The initial management of EOS is to proceed with serial casting followed by bracing [1]. If such treatment is not feasible or not successful (malignant curve progression reaching a critical curve > 50°), then surgical management is warranted [1]. Conceptually rods are anchors to the spine, the rib, or the pelvis and are lengthened every 6 months.
To offset these recurrent interventions, we explored a new surgical technique that allows for spinal growth without repetitive surgical interventions. Luqué and Cardoso [12] described the first growing rod construct consisting of two L- or U-shaped rods fixed to the spine in a segmental fashion using sublaminar wires [11]. As the spine grew, these rods were able to “guide” the long axis of the spine, allowing for growth while maintaining spinal correction. However, the use of the Luqué trolley has been abandoned as a result of poor spinal growth maintenance (32%–49%) [13, 18], high spontaneous fusion (4%–100%) [13], and high implant failure (32%) [18]. We modified Luqué’s original idea of an internal tutor for the scoliotic spine [15, 20] by using minimally invasive approaches and newer implants in the hope of addressing some of its shortfalls.

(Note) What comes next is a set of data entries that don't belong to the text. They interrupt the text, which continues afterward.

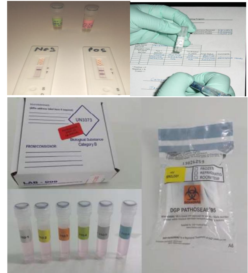
Figure 1: PT Packaging
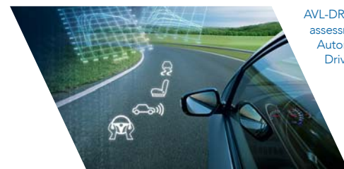
AVL-DRIVE™ for assessment of Automated Driving features
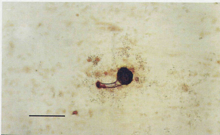
Figure 2: Central hair is a non-"bear claw" cystolith from marijuana. Magnification at the microscope is 200 diameters. (Scale bar = 100 microns)
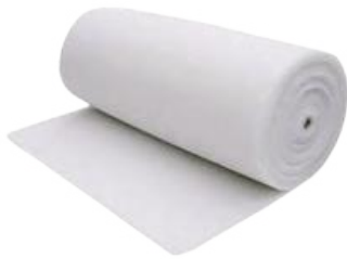
Pre-Filter G3 or G4
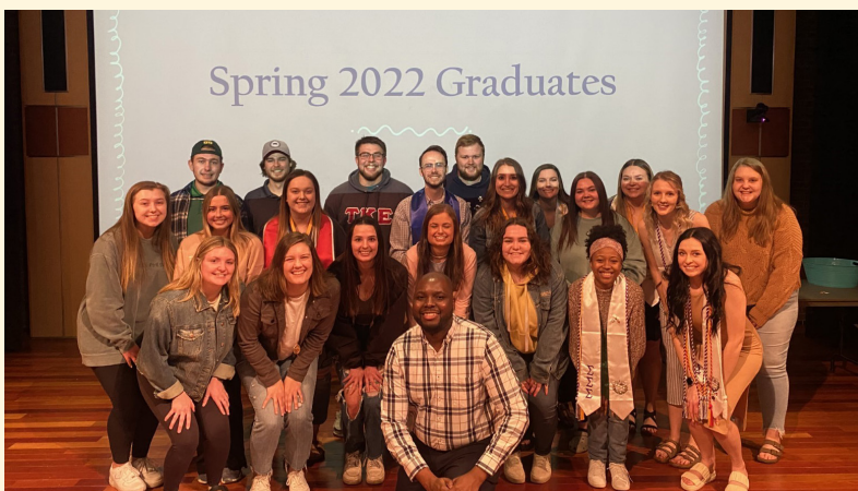
CONGRATULATIONS TO THE 61 FRATERNITY AND SORORITY LIFE UNDERGRADUATES

Our purposes were to determine whether a modern Luqué construct could (1) correct and maintain spinal deformity in EOS; (2) allow for spinal growth; (3) lead to lower complication rates; and (4) whether patients require additional surgeries.
Patients and Methods
We reviewed all radiographs and charts of 17 patients with EOS who had been treated at our institution between 2003 and 2008. Twelve of these 17 patients had conventional treatment consisting of three successful Risser casts; four failed casting requiring DGR; one DGR as an initial treatment; and four VEPTRs as the initial treatment. The diagnoses were: four infantile scoliosis; three congenital scoliosis; one neuromuscular scoliosis; and four syndromic scoliosis. Their average age at the time of initiation of treatment was 4.5 years (range, 11 months to 8.5 years) with a minimum 2.5-year followup (average, 3.6 years; range, 2.5–5 years). Average Cobb angle of the major curve was 61° (range, 38°–94°), which at last followup was 35° (range, 23°–46°). In total, these 12 patients underwent 73 procedures representing on average six procedures over 3.5 years. None of these patients had thoracic insufficiency syndrome.
The remaining five patients had the modern Luqué trolley construct with the first surgery performed in 2003. Surgical indications for this procedure included: (1) large spinal deformity (Cobb greater than 40°–50°); (2) failed nonoperative treatment (curve progression greater than 10° over a 6-month interval); and (3) considerable growth potential (open triradiate, prepeak growth velocity). Associated factors that influenced the choice of this technique over the conventional techniques (DGR, VEPTR) were: unfavorable social environments for repetitive surgery, families’ reluctance to impose repetitive surgery on their child, and comorbid factors leading to a higher risk of repetitive surgery (eg, difficult airway). Contraindications for this surgery were patients with chest wall abnormalities contributing to thoracic insufficiency syndrome or patients with rigid kyphoscoliosis. The etiology of the deformities in these five patients were: two idiopathic EOS, one patient with cerebral palsy, and two with syndromes (Prader-Willi syndrome and global hypotonia of unknown etiology). With the exception of the child with cerebral palsy, all were ambulators. The average age at surgery was 6.5 years (range, 3 years 10 months to 8 years 6 months). The minimum followup was 2 years with an average followup of 4 years (range, 2–6 years). No patients were lost to followup and no patients were recalled specifically for this study.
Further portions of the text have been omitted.